DIRECTIONS FOR THIS TASK: Could you copy the data that follows exactly as written, but drop the pictures?

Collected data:

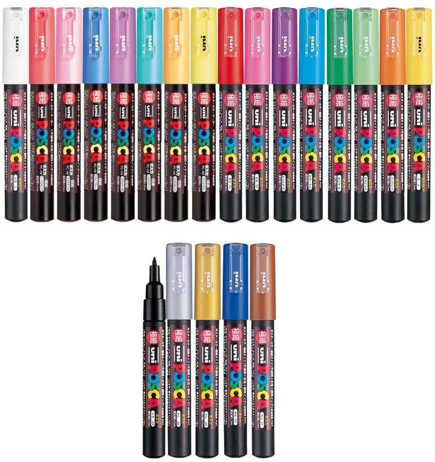 Ensemble de marqueurs de peinture Posca GAMME complète, Mitsubishi Poster Color ALL COLOR Stylo de marquage Pointe extra fine PC-1M
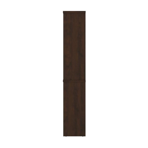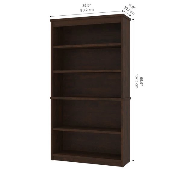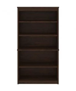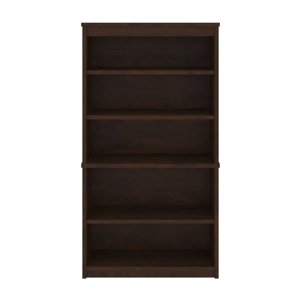 The modular bookcase has 5 shelves, 3 of which are adjustable. It features 2 sections that can be used together or apart. The higher section can be installed on top of lateral file.
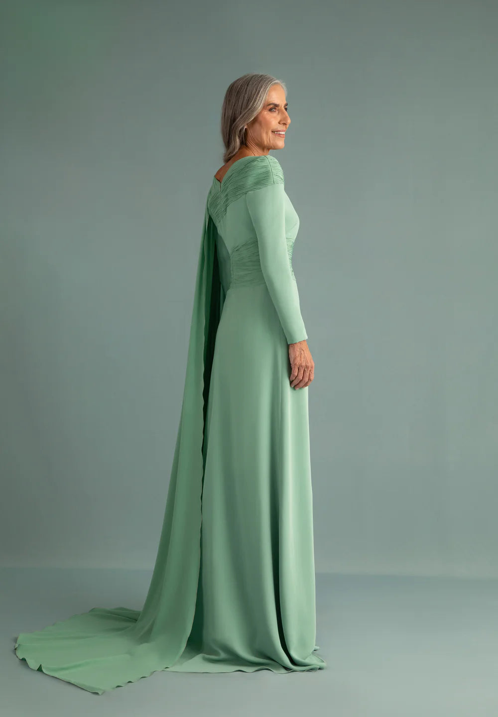 Vestido en crepé con manga larga y escote asimétrico que lo recorre piezas de georgette drapeadas a mano, al igual que la pieza diagonal que envuelve la cintura. Capa de georgette que nace del hombro izquierdo y cae hacia el suelo. En color azul ultramar.
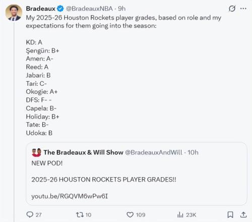 休媒Bradeaux對本賽季火箭隊的球員進行評級:
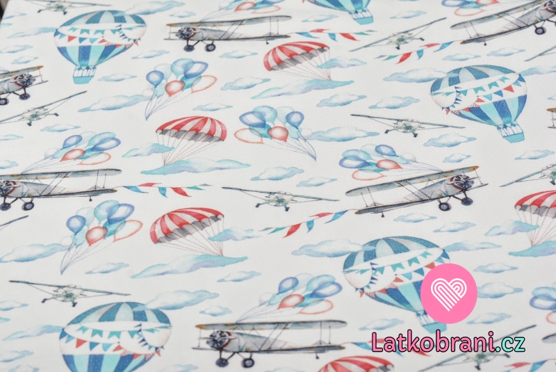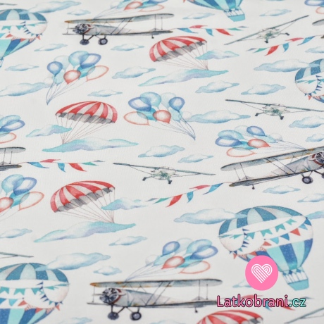 Teplákovina potisk letadla a létací balóny mezi mraky

SOLUTION:
 Ensemble de marqueurs de peinture Posca GAMME complète, Mitsubishi Poster Color ALL COLOR Stylo de marquage Pointe extra fine PC-1M
 The modular bookcase has 5 shelves, 3 of which are adjustable. It features 2 sections that can be used together or apart. The higher section can be installed on top of lateral file.
 Vestido en crepé con manga larga y escote asimétrico que lo recorre piezas de georgette drapeadas a mano, al igual que la pieza diagonal que envuelve la cintura. Capa de georgette que nace del hombro izquierdo y cae hacia el suelo. En color azul ultramar.
 休媒Bradeaux對本賽季火箭隊的球員進行評級:
 Teplákovina potisk letadla a létací balóny mezi mraky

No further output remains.